Mis ojos se han acostumbrado a la luz,
miro a la ventana luminosa que se abre
al parque y mis ojos parecen aceptar esa intensidad
que había olvidado y que a regañadientes acoge.
Antes —en un antes menor de dos años—
la luz que hería de costumbre mis pupilas
era menor, más sombría, menos generosa.
Como inciso a este escrito decir que en Los Bermejales
vivía en un primero que daba a unos balcones —los ojos
estaban cortados en su deseo de espacio y con ello
de luz.
Ahora —en un ahora rutilante y espléndido—
mis ojos dan a un verdor constante y a un horizonte
lejano y extenso. Decir que veo desde la ventana
de la cocina a la que llamo mi señora: La Giralda.

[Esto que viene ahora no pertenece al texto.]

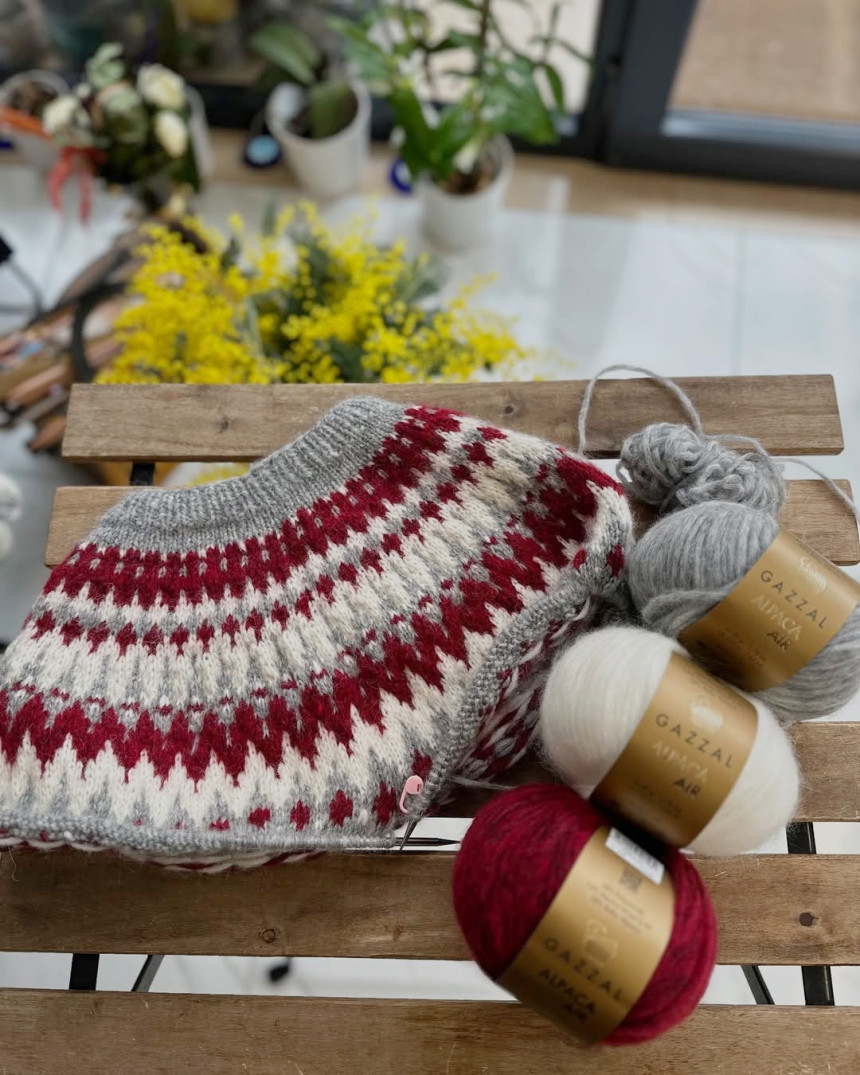 가잘 알파카 에어 + 가잘 키드 모헤어 편물 @la.na.knit

Voy a intentar ser un poco más poético:
—a ver qué sale—
—como veis, abuso de la raya, como le pasaba
a mi Emily Dickinson en sus reuniones consigo misma
en el fondo de su oscura habitación—.
Abro los ojos, abro la ventana.
Abro la mente a la luz,
a una luz intensa, sevillana.
Me dejo penetrar de ella
hasta el último rincón de mi casa.
Abro mi corazón, que late, remansa
la sangre y se coagula la desgana,
cierro el miedo que acude con trampa
y le pongo cerco, policía y guadaña.
Con la mente limpia de nubarrones
acometo glorioso la mañana:
carrera matutina para liberar musarañas,
desayuno tranquilo, al son de mis latidos,
recoger la casa de alimañas y disfrutar
de un asueto a base de libros y castañas,
cacahuetes, alfajores y avellanas
hasta que ahíto de placer cese... de ganas.
Me dispongo al trabajo y cierro el quiosco.
Salgo y tras de mí la puerta me dice goodbye.
Mañana será otro día, igual de precioso y pleno.